MNIST digit classification

This repository implements some neural network classifiers for classification of the MNIST dataset:

• mnist_softmax.py is an example softmax classifier using TensorFlow. It is an example from the Tensorflow repository, rather than my own work.
• mnist_softmax_numpy.py implements the same classifier as mnist_softmax.py using the numpy-based framework in nn
• mnist_convnet.py implements a convolutional neural network classifier
• mnist_convnet_numpy.py implements the same neural network architecture as mnist_convnet.py using the numpy-based framework in nn instead of TensorFlow. Performance is a bit worse (89% vs 94%), but I haven't yet figured out why.

The nn classes

To define a model, use nn.model.Model. A model is defined by a list of layers, an optimizer, and a loss function. One can use the fit_batch method to train the model on a single batch. The predict method computes predictions once the model has been trained.

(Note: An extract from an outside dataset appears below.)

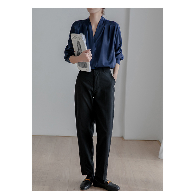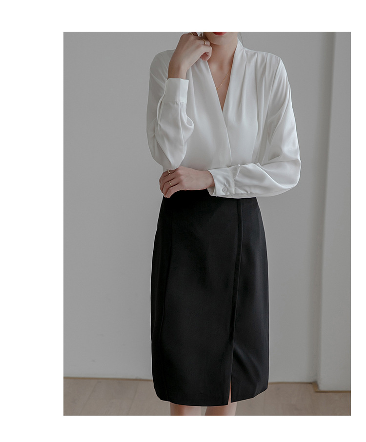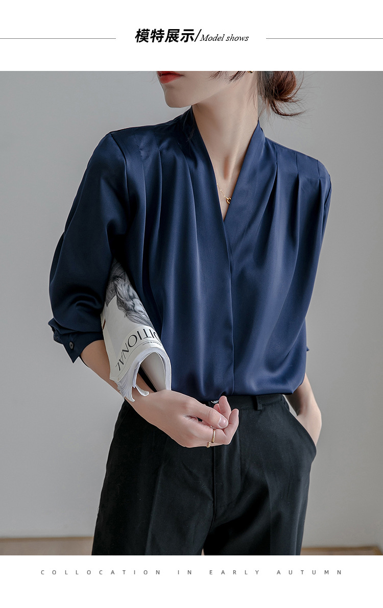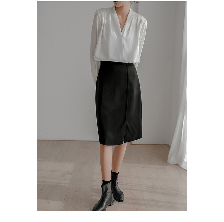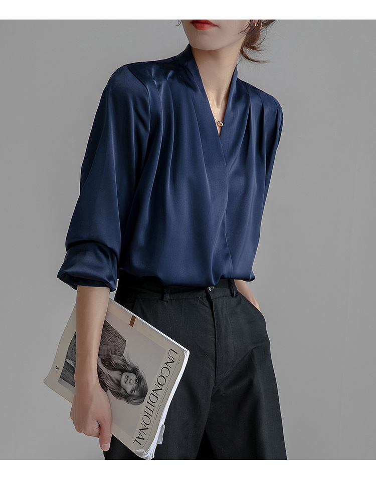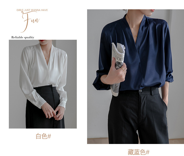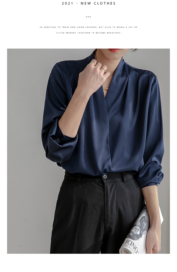 봄, 가을용 여성용 V넥 화이트 셔츠, 긴팔, 프렌치 디자인, 유니크한 레트로 스타일 상의, 프로페셔널 새틴 탑스토어 가기

Layers are subclasses of nn.layer.Layer. The base Layer has methods for caching, to allow values to be saved from the forward pass to the backward pass, or to prevent repeated calculations. The following layers are included: nn.layer.Conv2D, nn.layer.MaxPool2D, nn.layer.Flatten, nn.layer.Dense (fully connected). I hope that the names are mostly clear from context. The constructor of the first layer in a network should be passed the input_shape parameter. Other layers should be able to infer that information from context.

Some layers have additional parameters. The Conv2D layer requires a filter shape and the number of channels. The Dense layer requires the size of the layer be passed to the constructor. Both of these layers also allow the user to supply functions to initialize weights or filters and biases. The initializer should take a single argument, a tuple of integers, and return an array with that shape. The convolutional and fully connected layers can also take activation functions.

Some layers have parameter limitations because I haven't gotten around to implementing all values. For instance, MaxPool2D does not allow padding and requires the stride to be the same as the pool size and the Conv2D layer only implements `same' padding.

Activation functions are subclasses of nn.activation.Activation. The main activation included is nn.activation.ReLU, but there is also nn.activation.Identity which is the identity function, for use in layers for which no activation is desired.

Loss functions are subclasses of nn.loss.Loss. The only loss function included in the module is the one that is called for by the assignment, nn.loss.SoftMaxCrossEntropyWithLogits.

Optimizers are subclasses of nn.optimizer.Optimizer. An optimizer should implement the update_layer method to retrieve parameters and gradients from a layer and update them. An optimizer may make use of the layer object's persistent cache to store data from one training batch to another. The included optimizers are nn.optimizer.GradientDescent and nn.optimizer.AdaGrad.